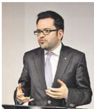
© R. Albiniana, el passat 15 d'abril. || R.G.

El procés sobiranista passat pel sedàs europeu va centrar bona part de la xerrada d'Albiniana. El diplomàtic va reconèixer que la ciutadania catalana viu immersa en la desafecció a la política, però que ha posat en marxa un procés per canviar les relacions amb Espanya “que passa per decidir sense coaccions”. Albiniana va apuntar que les eleccions al Parlament Europeu són “una oportuni-
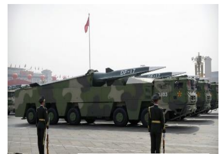
Ilustración 2: misiles hipersónicos DF-17 en Beijing 2019

Los misiles hipersónicos están sobrevalorados en términos de velocidad, y pueden ser detectados por sistemas de alerta temprana, según un informe de expertos en seguridad de Estados Unidos, el cual sugirió que su rendimiento es aproximadamente comparable al de los misiles balísticos convencionales. Las grandes potencias han estado explorando la capacidad de los misiles, que viajan mediante una trayectoria más baja y plana que los misiles balísticos intercontinentales, para reducir el tiempo que lleva trasladarse desde el lanzamiento hasta el impacto. Estos tienen la capacidad de cambiar de rumbo, una vez liberados de sus propulsores de cohetes.
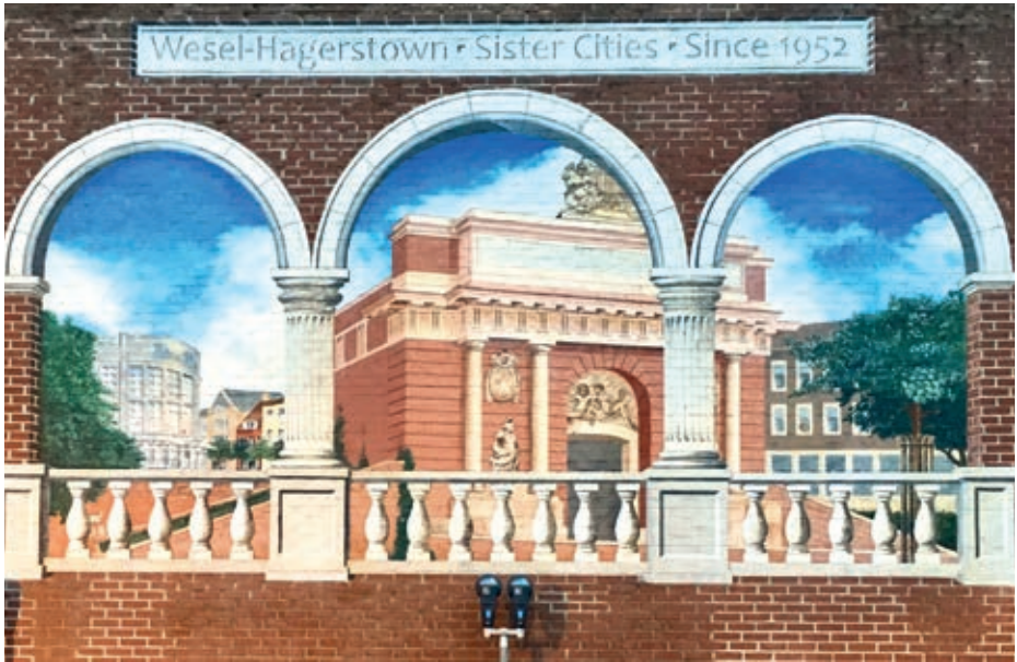
Bemalte Hauswand mit dem Weseler Motiv „Berliner Tor“ in Hagerstown
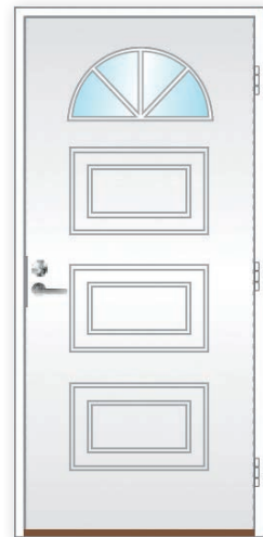
Suvanto U-arvo 0,80
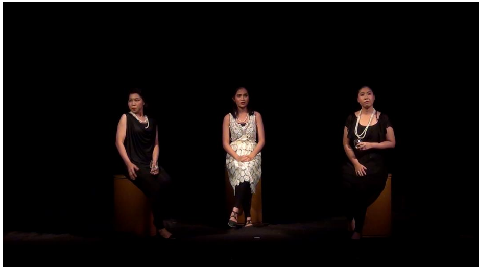
ภาพที่ 3 การแสดงละครเวทีร่วมสมัย เรื่อง “ลูกไม้ Why/วาย/วัย ปวง”

การตัดสินใจใด ๆ จึงเป็นหน้าที่ของพ่อและแม่ โดยเฉพาะเรื่องการเลือกคู่ครองที่ควรขึ้นอยู่กับความเห็นชอบของพ่อและแม่เป็นหลัก ทั้งนี้ด้วยเหตุที่ประเด็นสำคัญของพระราชนิพนธ์บทละครพูดเรื่องนี้ใกล้เคียงกับพระราชนิพนธ์บทละครพูดเรื่อง “ตบตา” ที่สะท้อนประเด็นคตินิยมความเชื่อของคนไทยในอดีตที่ว่าการทำตามในสิ่งที่พ่อและแม่ต้องการหรือวางแผนไว้ให้นั้น เป็นสิ่งที่สตรีในฐานะลูกสาวควรเชื่อฟังและปฏิบัติ ดังนั้นในประกอบสร้างบทละครขึ้นใหม่ คณะผู้วิจัยจึงมุ่งเน้นการถอดรื้อโครงเรื่องเดิมออกไปและตั้งคำถามต่ออนาคตของตัวละคร “โสภา” ว่าชีวิตหลังการแต่งงานของเธอจะเป็นเช่นไร และเมื่อเธอมีลูกเธอจะทำหน้าที่แม่อย่างไร ในสภาพแวดล้อมของสังคมปัจจุบันที่ผู้หญิงมีบทบาทมากขึ้นในสังคม
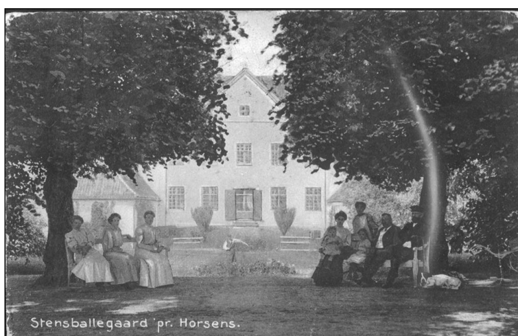
Stensballegaard set fra havesiden ca. 1890.

Stensballe har altid været et yndet udflugtsmål. Allerede før Sundbroens etablering i 1854 (se Persillekræmmeren nr. 7) søgte folk fra Horsens i stort tal ud til området, især om søndagen. I dag er det stranden ved Husodde, Naturstien og Golfbanen der trækker. Lokalarkivet har fundet tre kildeskrifter, I, II og III, der omtaler emnet, 1850 - 1935. De bringes her i uddrag.
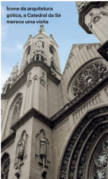
Ícone da arquitetura gótica, a Catedral da Sé merece uma visita

A região concentra alguns dos mais belos cartões postais da cidade, como a Catedral da Sé , o Mosteiro de São Bento e o Teatro Municipal. Esses locais foram restaurados, preservados e fazem parte não só da história de São Paulo como do país. É o caso do Mosteiro de São Bento (Largo São Bento, s/nº, tel. 3328-8799, www.mosteiro.org.br ), cuja basílica é de 1634. A construção atual, erguida no período de 1910 a 1922, foi inspirada na tradição eclética germânica e passou por uma restauração em 2006 para hospedar o Papa Bento XVI durante sua visita ao Brasil no ano seguinte. Além da Basílica de Nossa Senhora da Assunção, o mosteiro abriga o colégio e a Faculdade de São Bento. Os monges também moram no local ( leia mais em Diversão & Arte/Escolas e Universidades ).
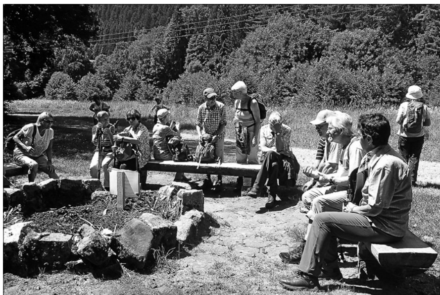
Auch Pausen müssen sein.
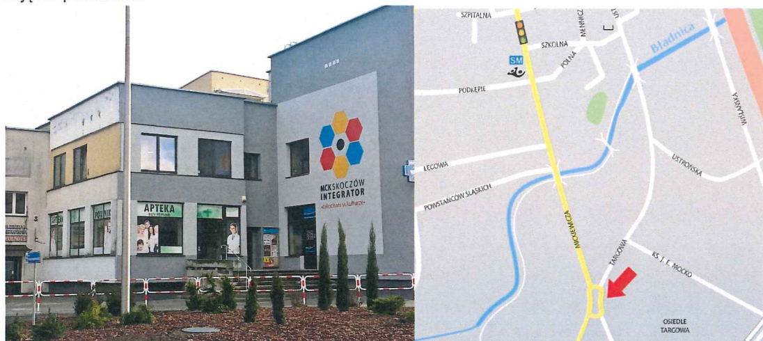
Zdjęcie wejścia do sali widowiskowej „Pod Pegazem”, lokalizacja graficzna.

2. Największa sala – sala widowiskowa „Pod Pegazem” – zlokalizowana jest przy ul. Targowej 26. Organizowane są tam m.in.: koncerty, recitale, przedstawienia teatralne, prelekcje, przeglądy, konkursy, spotkania, wieczorki taneczne. Podczas kinowego ustawienia krzesła sala mieści 248 os. Sala wynajmowana jest osobom fizycznym i prawnym na spotkania, prezentacje, konferencje, kiermasze itp. Korzystają z niej również skoczowskie organizacje przy okazji zebrań walnych, podsumowań rocznych (m.in. PTTK – koło Miejskie w Skoczowie, Skoczowski Uniwersytet III Wieku, Spółdzielnia Mieszkaniowa „Wspólnota”). W ciągu tygodnia odbywają się w niej warsztaty taneczne i teatralne oraz różnorodne zajęcia pozostałe.
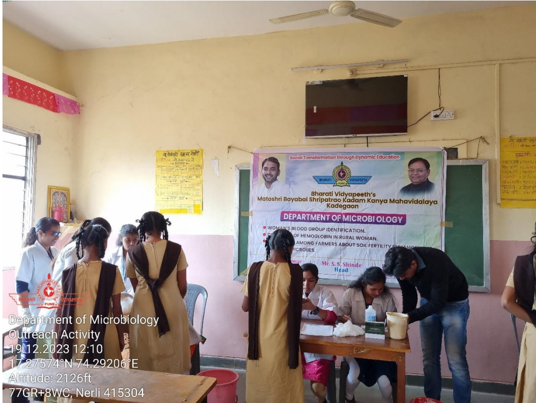
Department of Microbiology Outreach Activity 19.12.2023 12:10 17.27574°N 74.29206°E Altitude: 2126ft 77GR+8WC, Nerli 415304
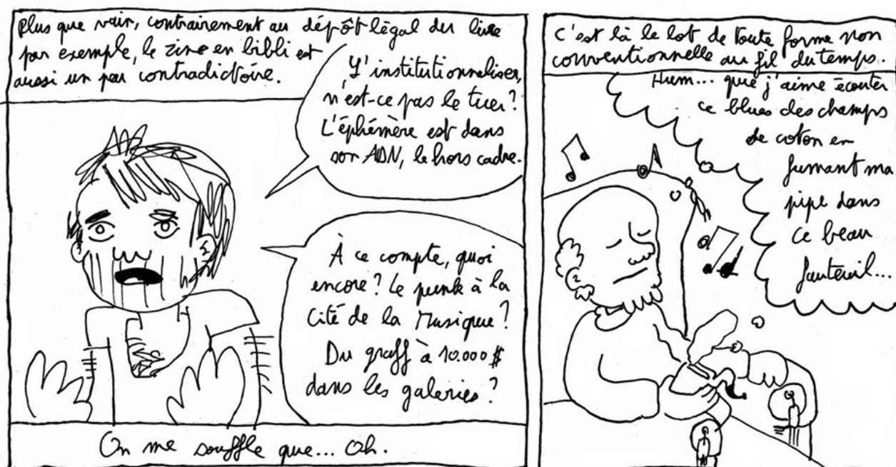
IMAGE 1 : Extrait de « Fanzines et mémoire » dans Définir le fanzine , L'Égouttoir, 2022
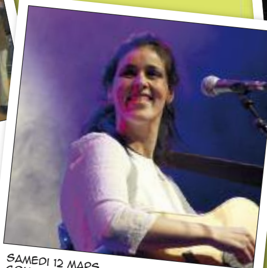
SAMEDI 12 MARS SOUD MASSI ESPACE AUZON
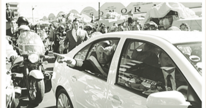
AMLO dijo que un joven en bicicleta se le acercó "y me dijo: no tienes derecho a fallarnos, y ese es el compromiso que tengo con el pueblo de México".
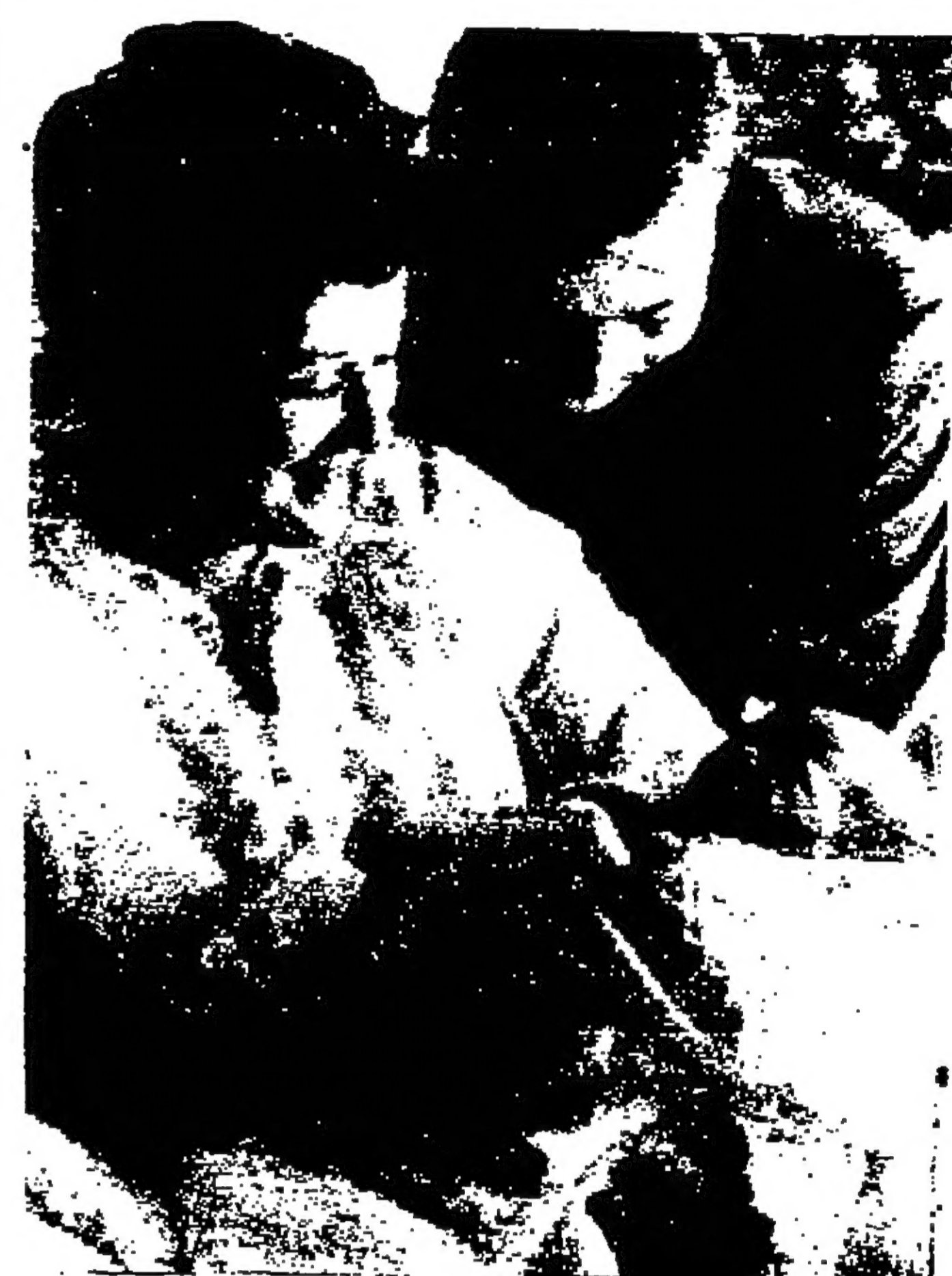
انتم الله على سبيله الشريف غلزيين راكنا وعقبه سبيله الشريفه « خريه » ببولوده جميله اسماسا « راجده » باجيا والى الف بركوك

وصول العروسين وفد حفل المزدحم الذي احتضرت فيه حفلة « كريستا » العظمى الزمن وكان يبردي بنه زرقا ودمعته

★ ★ ★ ★ ★

What to produce.
Repeat the entries exactly, without pictures.

Final answer.
© R. Albiniana, el passat 15 d'abril. || R.G.

El procés sobiranista passat pel sedàs europeu va centrar bona part de la xerrada d'Albiniana. El diplomàtic va reconèixer que la ciutadania catalana viu immersa en la desafecció a la política, però que ha posat en marxa un procés per canviar les relacions amb Espanya “que passa per decidir sense coaccions”. Albiniana va apuntar que les eleccions al Parlament Europeu són “una oportuni-
Ilustración 2: misiles hipersónicos DF-17 en Beijing 2019

Los misiles hipersónicos están sobrevalorados en términos de velocidad, y pueden ser detectados por sistemas de alerta temprana, según un informe de expertos en seguridad de Estados Unidos, el cual sugirió que su rendimiento es aproximadamente comparable al de los misiles balísticos convencionales. Las grandes potencias han estado explorando la capacidad de los misiles, que viajan mediante una trayectoria más baja y plana que los misiles balísticos intercontinentales, para reducir el tiempo que lleva trasladarse desde el lanzamiento hasta el impacto. Estos tienen la capacidad de cambiar de rumbo, una vez liberados de sus propulsores de cohetes.
Bemalte Hauswand mit dem Weseler Motiv „Berliner Tor“ in Hagerstown
Suvanto U-arvo 0,80
ภาพที่ 3 การแสดงละครเวทีร่วมสมัย เรื่อง “ลูกไม้ Why/วาย/วัย ปวง”

การตัดสินใจใด ๆ จึงเป็นหน้าที่ของพ่อและแม่ โดยเฉพาะเรื่องการเลือกคู่ครองที่ควรขึ้นอยู่กับความเห็นชอบของพ่อและแม่เป็นหลัก ทั้งนี้ด้วยเหตุที่ประเด็นสำคัญของพระราชนิพนธ์บทละครพูดเรื่องนี้ใกล้เคียงกับพระราชนิพนธ์บทละครพูดเรื่อง “ตบตา” ที่สะท้อนประเด็นคตินิยมความเชื่อของคนไทยในอดีตที่ว่าการทำตามในสิ่งที่พ่อและแม่ต้องการหรือวางแผนไว้ให้นั้น เป็นสิ่งที่สตรีในฐานะลูกสาวควรเชื่อฟังและปฏิบัติ ดังนั้นในประกอบสร้างบทละครขึ้นใหม่ คณะผู้วิจัยจึงมุ่งเน้นการถอดรื้อโครงเรื่องเดิมออกไปและตั้งคำถามต่ออนาคตของตัวละคร “โสภา” ว่าชีวิตหลังการแต่งงานของเธอจะเป็นเช่นไร และเมื่อเธอมีลูกเธอจะทำหน้าที่แม่อย่างไร ในสภาพแวดล้อมของสังคมปัจจุบันที่ผู้หญิงมีบทบาทมากขึ้นในสังคม
Stensballegaard set fra havesiden ca. 1890.

Stensballe har altid været et yndet udflugtsmål. Allerede før Sundbroens etablering i 1854 (se Persillekræmmeren nr. 7) søgte folk fra Horsens i stort tal ud til området, især om søndagen. I dag er det stranden ved Husodde, Naturstien og Golfbanen der trækker. Lokalarkivet har fundet tre kildeskrifter, I, II og III, der omtaler emnet, 1850 - 1935. De bringes her i uddrag.
Ícone da arquitetura gótica, a Catedral da Sé merece uma visita

A região concentra alguns dos mais belos cartões postais da cidade, como a Catedral da Sé , o Mosteiro de São Bento e o Teatro Municipal. Esses locais foram restaurados, preservados e fazem parte não só da história de São Paulo como do país. É o caso do Mosteiro de São Bento (Largo São Bento, s/nº, tel. 3328-8799, www.mosteiro.org.br ), cuja basílica é de 1634. A construção atual, erguida no período de 1910 a 1922, foi inspirada na tradição eclética germânica e passou por uma restauração em 2006 para hospedar o Papa Bento XVI durante sua visita ao Brasil no ano seguinte. Além da Basílica de Nossa Senhora da Assunção, o mosteiro abriga o colégio e a Faculdade de São Bento. Os monges também moram no local ( leia mais em Diversão & Arte/Escolas e Universidades ).
Auch Pausen müssen sein.
Zdjęcie wejścia do sali widowiskowej „Pod Pegazem”, lokalizacja graficzna.

2. Największa sala – sala widowiskowa „Pod Pegazem” – zlokalizowana jest przy ul. Targowej 26. Organizowane są tam m.in.: koncerty, recitale, przedstawienia teatralne, prelekcje, przeglądy, konkursy, spotkania, wieczorki taneczne. Podczas kinowego ustawienia krzesła sala mieści 248 os. Sala wynajmowana jest osobom fizycznym i prawnym na spotkania, prezentacje, konferencje, kiermasze itp. Korzystają z niej również skoczowskie organizacje przy okazji zebrań walnych, podsumowań rocznych (m.in. PTTK – koło Miejskie w Skoczowie, Skoczowski Uniwersytet III Wieku, Spółdzielnia Mieszkaniowa „Wspólnota”). W ciągu tygodnia odbywają się w niej warsztaty taneczne i teatralne oraz różnorodne zajęcia pozostałe.
Department of Microbiology Outreach Activity 19.12.2023 12:10 17.27574°N 74.29206°E Altitude: 2126ft 77GR+8WC, Nerli 415304
IMAGE 1 : Extrait de « Fanzines et mémoire » dans Définir le fanzine , L'Égouttoir, 2022
SAMEDI 12 MARS SOUD MASSI ESPACE AUZON
AMLO dijo que un joven en bicicleta se le acercó "y me dijo: no tienes derecho a fallarnos, y ese es el compromiso que tengo con el pueblo de México".
انتم الله على سبيله الشريف غلزيين راكنا وعقبه سبيله الشريفه « خريه » ببولوده جميله اسماسا « راجده » باجيا والى الف بركوك

وصول العروسين وفد حفل المزدحم الذي احتضرت فيه حفلة « كريستا » العظمى الزمن وكان يبردي بنه زرقا ودمعته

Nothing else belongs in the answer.